Description of the task> Without the pictures, set down everything in the listing exactly.

Supplied data>
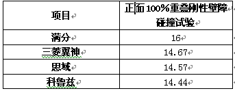 在這一環節的測試上,科魯茲和三菱翼神表現不錯,思域在胸部保護方面略有失分。
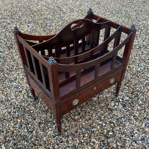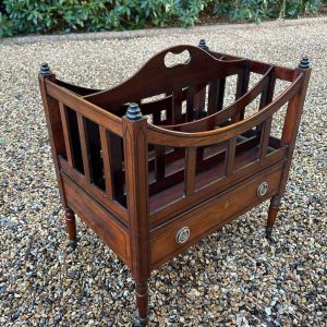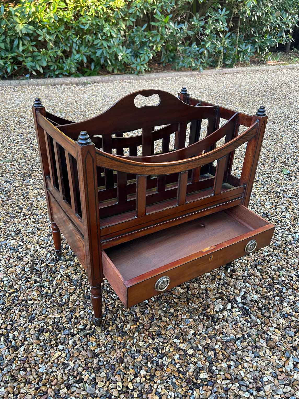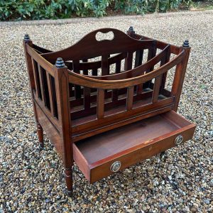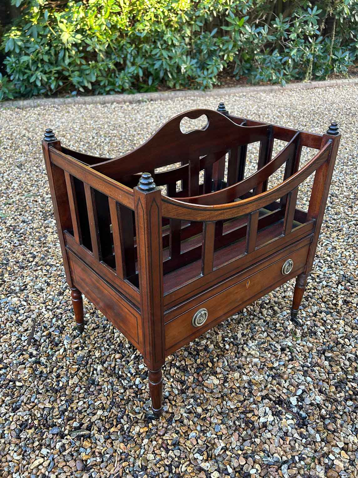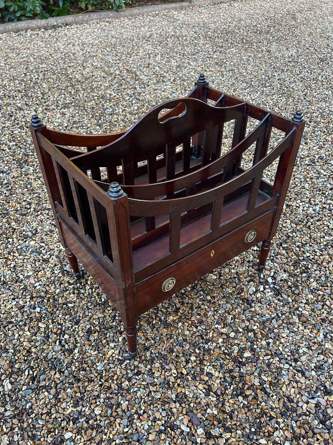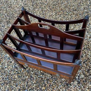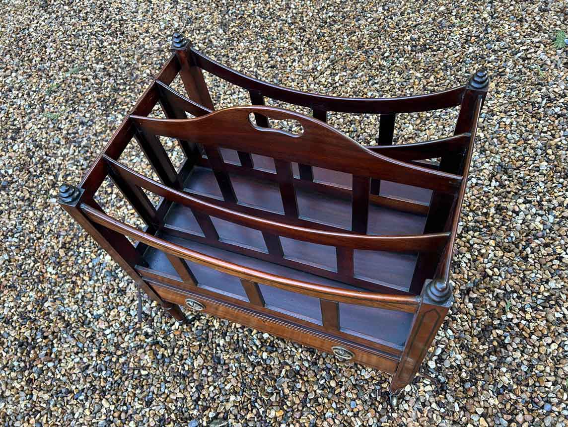 19th Century Georgian Inlaid Mahogany Canterbury with four sections above a single fitted drawer raised on turned turned legs with castors.
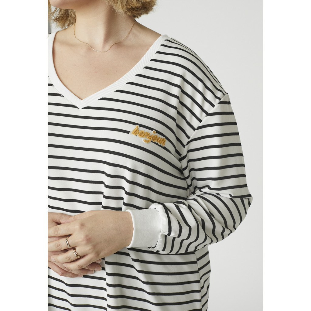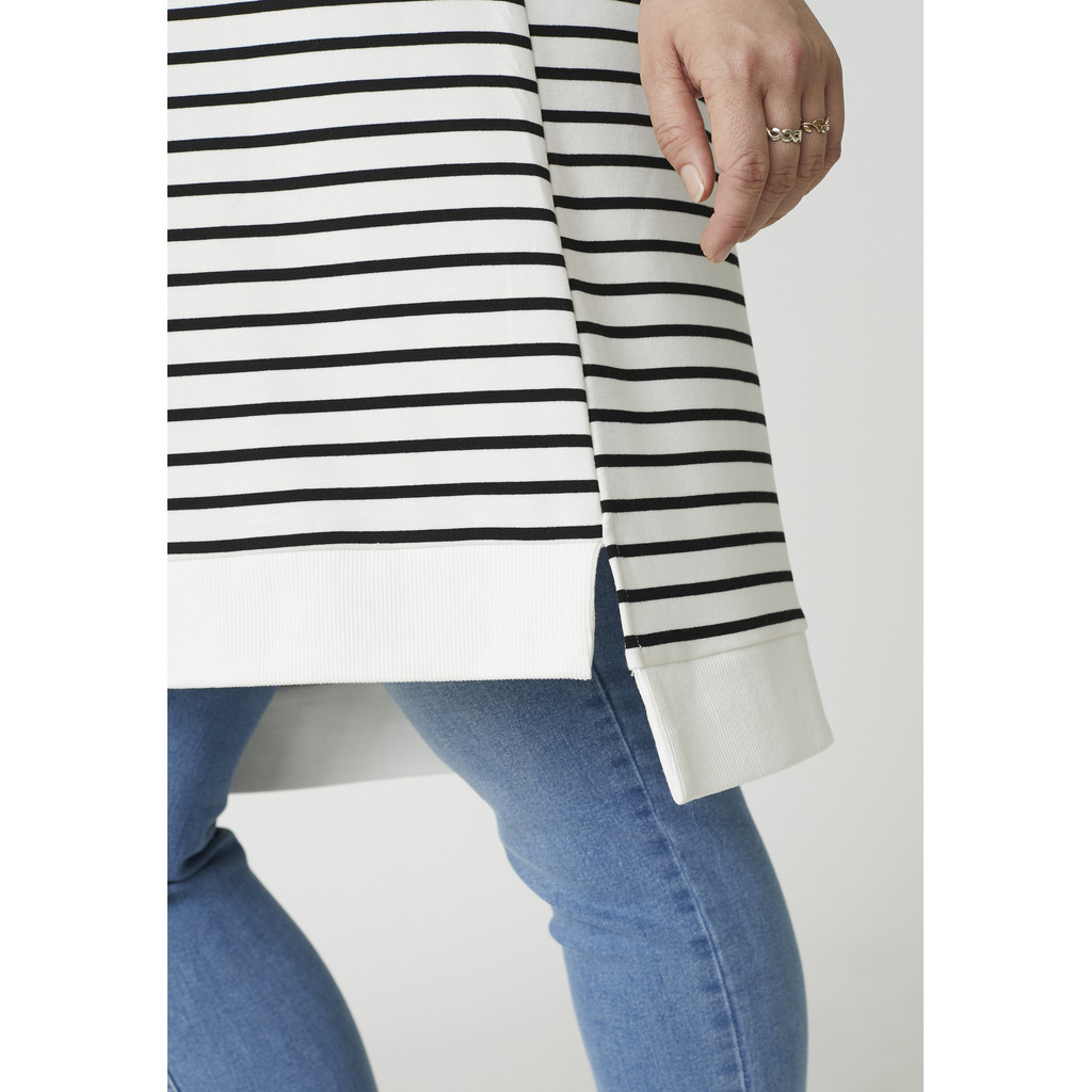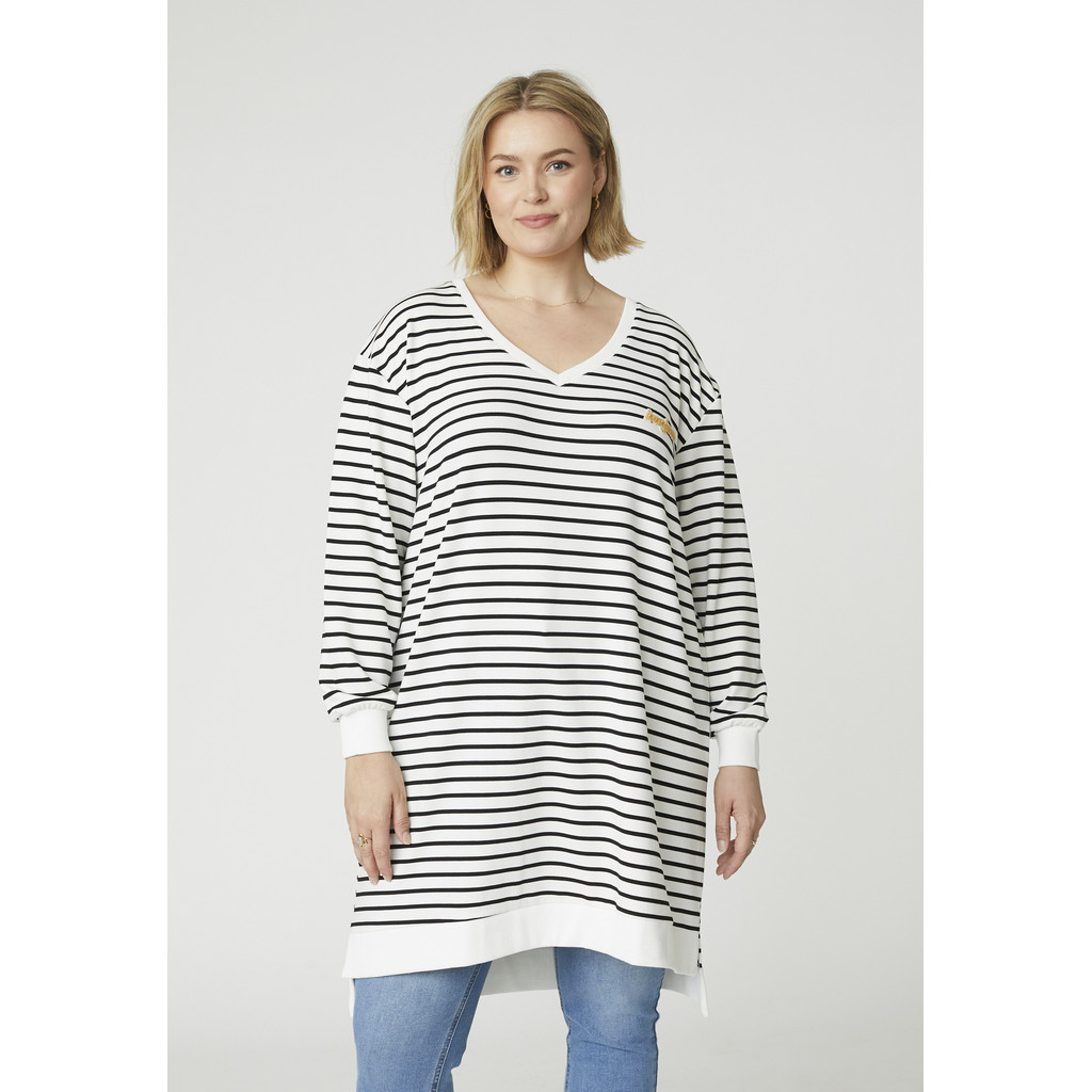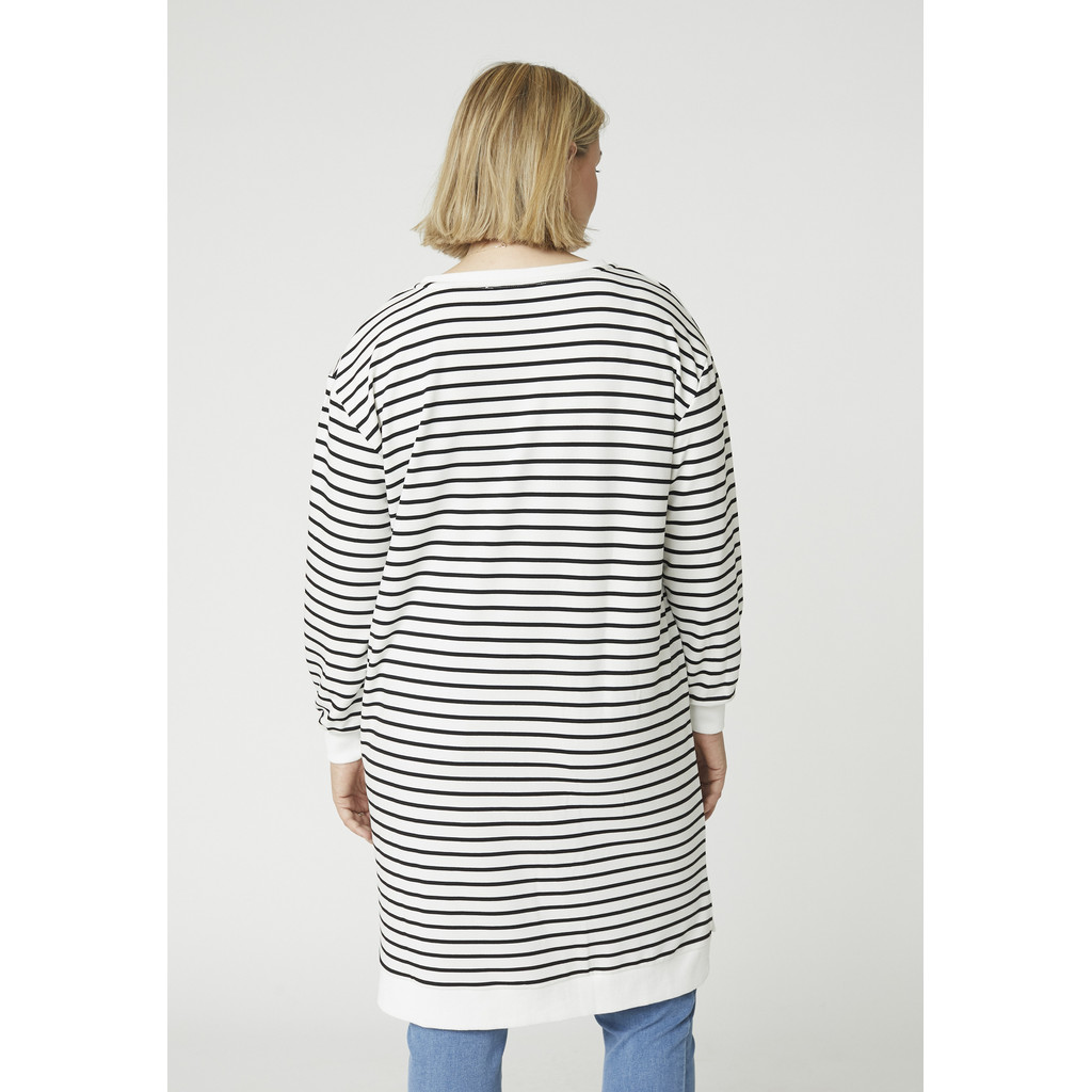 See Adia kootud kleit on oma ülisuure lõike ja klassikalise triibulise disainiga pingevaba ja moodsa välimusega. Valmistatud puhtast puuvillast, pakub see pehmet ja hingavat kvaliteeti, mis tunneb end kogu päeva jooksul mugavalt. Ümar kaelus ja pikad varrukad loovad puhta ja ajatu ilme.

Answer to this exercise>
 在這一環節的測試上,科魯茲和三菱翼神表現不錯,思域在胸部保護方面略有失分。
 19th Century Georgian Inlaid Mahogany Canterbury with four sections above a single fitted drawer raised on turned turned legs with castors.
 See Adia kootud kleit on oma ülisuure lõike ja klassikalise triibulise disainiga pingevaba ja moodsa välimusega. Valmistatud puhtast puuvillast, pakub see pehmet ja hingavat kvaliteeti, mis tunneb end kogu päeva jooksul mugavalt. Ümar kaelus ja pikad varrukad loovad puhta ja ajatu ilme.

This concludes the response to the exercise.